Jaakkola P, Vihinen T, Jalkanen M
Turku Centre for Biotechnology, University of Turku and Abo Akademi University, Tykistökatu 6B, BioCity, Turku, FIN-20520, Finland.
Biochem Biophys Res Commun. 2000 Nov 19;278(2):432-9. doi: 10.1006/bbrc.2000.3812.

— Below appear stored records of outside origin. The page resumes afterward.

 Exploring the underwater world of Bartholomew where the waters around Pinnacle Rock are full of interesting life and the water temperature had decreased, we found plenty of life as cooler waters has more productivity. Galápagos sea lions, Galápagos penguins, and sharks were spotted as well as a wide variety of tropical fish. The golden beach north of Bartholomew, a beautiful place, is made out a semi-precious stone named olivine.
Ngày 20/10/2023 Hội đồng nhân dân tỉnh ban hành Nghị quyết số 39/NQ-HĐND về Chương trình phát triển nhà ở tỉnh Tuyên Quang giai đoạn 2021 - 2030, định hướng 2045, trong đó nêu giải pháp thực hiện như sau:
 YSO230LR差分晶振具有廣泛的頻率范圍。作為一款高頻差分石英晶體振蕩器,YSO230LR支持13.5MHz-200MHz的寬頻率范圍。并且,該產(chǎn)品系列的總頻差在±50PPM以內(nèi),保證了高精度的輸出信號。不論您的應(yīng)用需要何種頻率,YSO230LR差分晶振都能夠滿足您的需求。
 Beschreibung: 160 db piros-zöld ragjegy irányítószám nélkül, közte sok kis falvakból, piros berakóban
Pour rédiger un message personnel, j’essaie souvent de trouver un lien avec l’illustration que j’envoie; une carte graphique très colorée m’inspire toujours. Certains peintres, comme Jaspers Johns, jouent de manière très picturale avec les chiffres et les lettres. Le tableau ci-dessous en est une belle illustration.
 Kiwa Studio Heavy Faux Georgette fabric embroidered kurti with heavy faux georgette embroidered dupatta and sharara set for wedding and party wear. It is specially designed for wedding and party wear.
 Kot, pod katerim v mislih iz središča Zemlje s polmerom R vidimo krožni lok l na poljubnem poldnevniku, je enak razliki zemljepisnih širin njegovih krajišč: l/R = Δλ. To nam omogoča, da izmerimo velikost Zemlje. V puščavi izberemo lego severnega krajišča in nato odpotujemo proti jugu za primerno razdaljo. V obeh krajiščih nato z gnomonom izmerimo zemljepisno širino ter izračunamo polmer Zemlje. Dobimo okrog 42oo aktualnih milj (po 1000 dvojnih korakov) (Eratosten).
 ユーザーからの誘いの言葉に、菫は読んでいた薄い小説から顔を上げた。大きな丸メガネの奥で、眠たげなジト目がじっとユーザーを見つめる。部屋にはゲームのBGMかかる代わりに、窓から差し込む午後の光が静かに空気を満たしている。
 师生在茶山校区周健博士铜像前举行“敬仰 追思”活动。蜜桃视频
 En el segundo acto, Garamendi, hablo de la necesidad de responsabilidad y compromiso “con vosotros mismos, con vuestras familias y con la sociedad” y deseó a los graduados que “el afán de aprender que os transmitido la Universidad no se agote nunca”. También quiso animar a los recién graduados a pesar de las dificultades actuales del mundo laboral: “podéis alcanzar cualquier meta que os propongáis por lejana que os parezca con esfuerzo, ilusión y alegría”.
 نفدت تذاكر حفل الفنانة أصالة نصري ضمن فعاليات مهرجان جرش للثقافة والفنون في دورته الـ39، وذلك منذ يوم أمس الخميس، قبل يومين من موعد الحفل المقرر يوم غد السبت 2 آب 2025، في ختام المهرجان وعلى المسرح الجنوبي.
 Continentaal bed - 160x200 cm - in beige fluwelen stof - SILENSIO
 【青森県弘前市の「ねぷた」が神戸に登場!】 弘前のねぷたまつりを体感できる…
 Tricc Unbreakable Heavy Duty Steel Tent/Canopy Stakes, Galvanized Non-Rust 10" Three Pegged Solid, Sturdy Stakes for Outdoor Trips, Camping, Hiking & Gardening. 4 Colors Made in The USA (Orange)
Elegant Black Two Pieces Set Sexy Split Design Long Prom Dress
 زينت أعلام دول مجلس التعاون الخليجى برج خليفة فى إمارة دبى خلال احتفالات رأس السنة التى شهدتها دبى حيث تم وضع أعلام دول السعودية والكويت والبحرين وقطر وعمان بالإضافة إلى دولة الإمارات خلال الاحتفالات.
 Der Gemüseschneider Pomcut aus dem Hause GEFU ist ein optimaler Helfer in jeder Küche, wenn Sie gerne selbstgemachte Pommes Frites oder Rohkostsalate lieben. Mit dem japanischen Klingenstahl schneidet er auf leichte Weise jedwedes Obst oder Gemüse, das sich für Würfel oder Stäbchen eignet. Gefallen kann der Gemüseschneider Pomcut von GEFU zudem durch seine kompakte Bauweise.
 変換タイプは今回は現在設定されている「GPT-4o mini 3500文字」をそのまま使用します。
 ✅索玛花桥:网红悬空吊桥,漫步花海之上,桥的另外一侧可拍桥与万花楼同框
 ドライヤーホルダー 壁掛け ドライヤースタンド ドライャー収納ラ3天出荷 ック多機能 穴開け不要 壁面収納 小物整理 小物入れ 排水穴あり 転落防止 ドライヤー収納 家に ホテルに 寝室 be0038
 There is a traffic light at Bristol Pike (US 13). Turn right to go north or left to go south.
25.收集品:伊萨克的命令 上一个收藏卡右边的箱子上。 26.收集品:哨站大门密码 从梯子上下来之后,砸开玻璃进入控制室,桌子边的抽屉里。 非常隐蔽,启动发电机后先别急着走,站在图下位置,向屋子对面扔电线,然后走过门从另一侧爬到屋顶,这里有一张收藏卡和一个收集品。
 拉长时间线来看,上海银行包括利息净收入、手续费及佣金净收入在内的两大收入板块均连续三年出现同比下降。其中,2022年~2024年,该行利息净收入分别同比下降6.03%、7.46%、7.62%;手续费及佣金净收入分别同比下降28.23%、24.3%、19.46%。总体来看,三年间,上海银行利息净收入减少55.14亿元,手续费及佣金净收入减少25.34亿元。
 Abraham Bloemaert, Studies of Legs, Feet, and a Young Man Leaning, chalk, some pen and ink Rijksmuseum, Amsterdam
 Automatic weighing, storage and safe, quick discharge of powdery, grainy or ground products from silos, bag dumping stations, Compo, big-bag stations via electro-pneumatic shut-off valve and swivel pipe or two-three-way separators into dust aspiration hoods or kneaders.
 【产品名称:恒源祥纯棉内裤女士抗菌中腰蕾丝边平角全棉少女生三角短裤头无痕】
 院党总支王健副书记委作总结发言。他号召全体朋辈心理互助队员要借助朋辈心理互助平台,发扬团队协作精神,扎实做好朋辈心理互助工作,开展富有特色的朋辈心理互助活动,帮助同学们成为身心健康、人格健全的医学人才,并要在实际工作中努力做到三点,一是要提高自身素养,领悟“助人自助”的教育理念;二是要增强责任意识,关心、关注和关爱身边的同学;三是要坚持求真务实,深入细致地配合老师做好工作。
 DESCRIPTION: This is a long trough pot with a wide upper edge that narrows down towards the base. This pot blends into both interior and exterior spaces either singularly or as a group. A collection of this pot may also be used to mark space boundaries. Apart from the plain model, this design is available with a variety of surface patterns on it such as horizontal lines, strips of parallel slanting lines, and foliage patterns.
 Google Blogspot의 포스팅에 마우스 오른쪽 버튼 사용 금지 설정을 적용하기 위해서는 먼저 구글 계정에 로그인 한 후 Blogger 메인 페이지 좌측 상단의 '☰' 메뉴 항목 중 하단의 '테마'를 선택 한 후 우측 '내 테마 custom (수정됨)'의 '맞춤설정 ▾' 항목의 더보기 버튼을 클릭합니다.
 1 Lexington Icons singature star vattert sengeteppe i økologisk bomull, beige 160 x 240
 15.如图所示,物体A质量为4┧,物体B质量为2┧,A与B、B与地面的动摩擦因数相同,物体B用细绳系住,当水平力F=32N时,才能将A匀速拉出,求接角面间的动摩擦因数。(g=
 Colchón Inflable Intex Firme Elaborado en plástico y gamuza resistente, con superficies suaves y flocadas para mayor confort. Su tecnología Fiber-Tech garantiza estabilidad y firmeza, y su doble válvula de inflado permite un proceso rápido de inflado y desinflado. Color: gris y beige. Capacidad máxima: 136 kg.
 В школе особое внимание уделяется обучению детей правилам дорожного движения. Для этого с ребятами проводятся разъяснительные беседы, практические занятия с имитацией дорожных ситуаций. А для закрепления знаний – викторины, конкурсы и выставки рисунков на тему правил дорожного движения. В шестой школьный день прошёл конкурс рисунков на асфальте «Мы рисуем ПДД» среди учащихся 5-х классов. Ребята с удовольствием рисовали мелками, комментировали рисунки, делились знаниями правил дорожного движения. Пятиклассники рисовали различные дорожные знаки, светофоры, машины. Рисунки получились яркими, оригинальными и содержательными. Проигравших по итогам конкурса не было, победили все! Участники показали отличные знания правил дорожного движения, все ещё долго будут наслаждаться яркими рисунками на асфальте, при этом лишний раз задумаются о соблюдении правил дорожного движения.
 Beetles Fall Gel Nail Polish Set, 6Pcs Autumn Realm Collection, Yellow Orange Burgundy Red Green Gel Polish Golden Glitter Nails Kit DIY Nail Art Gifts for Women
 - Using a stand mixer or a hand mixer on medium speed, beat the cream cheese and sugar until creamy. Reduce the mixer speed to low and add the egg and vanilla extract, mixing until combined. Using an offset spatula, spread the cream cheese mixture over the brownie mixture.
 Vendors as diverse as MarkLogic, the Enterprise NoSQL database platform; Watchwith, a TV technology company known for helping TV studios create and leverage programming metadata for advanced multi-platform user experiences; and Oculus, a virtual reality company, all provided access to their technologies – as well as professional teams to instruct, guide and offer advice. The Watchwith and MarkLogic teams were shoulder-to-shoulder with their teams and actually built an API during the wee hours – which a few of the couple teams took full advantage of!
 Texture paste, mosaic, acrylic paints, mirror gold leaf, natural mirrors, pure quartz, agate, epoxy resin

Far upstream enhancers are predicted to act by looping and activating general transcription factors on core promoters and to require proximal promoter sequences for appropriate gene activation in time and space. We have previously described an FGF-inducible response element (FiRE) located far upstream on the syndecan-1 gene. The FiRE is activated specifically by members of the fibroblast growth factor (FGF) family in NIH3T3 cells. Here we describe the requirements of syndecan-1 proximal promoter for the activation of FiRE by FGF-2. Transient and stable transfections revealed that neither proximal promoter SP1 sites nor TATA-box are required for the FGF-2 induced activation of FiRE. Notably, the enhancer is activated in both orientations by FGF-2 even in the absence of proximal promoter. Importantly, removal of the promoter did not affect the growth factor specificity of FiRE. Proximal promoter independent activation of syndecan-1 gene by FGF-2 might be required during development when syndecan-1 proximal promoter needs to be largely attenuated but simultaneous transient and rapid FGF-2 induced transcription is required.
远上游增强子据预测是通过环化作用并激活核心启动子上的通用转录因子来发挥作用的,并且在时间和空间上进行适当的基因激活需要近端启动子序列。我们之前描述过一个位于syndecan-1基因远上游的FGF诱导反应元件(FiRE)。该FiRE在NIH3T3细胞中被成纤维细胞生长因子(FGF)家族成员特异性激活。在此我们描述了syndecan-1近端启动子对于FGF-2激活FiRE的要求。瞬时转染和稳定转染表明,FGF-2诱导的FiRE激活既不需要近端启动子的SP1位点,也不需要TATA框。值得注意的是,即使在没有近端启动子的情况下,增强子也能被FGF-2以两种方向激活。重要的是,去除启动子并不影响FiRE的生长因子特异性。在发育过程中,当syndecan-1近端启动子需要大幅减弱但同时又需要FGF-2诱导的瞬时快速转录时,可能需要FGF-2对syndecan-1基因进行近端启动子非依赖性激活。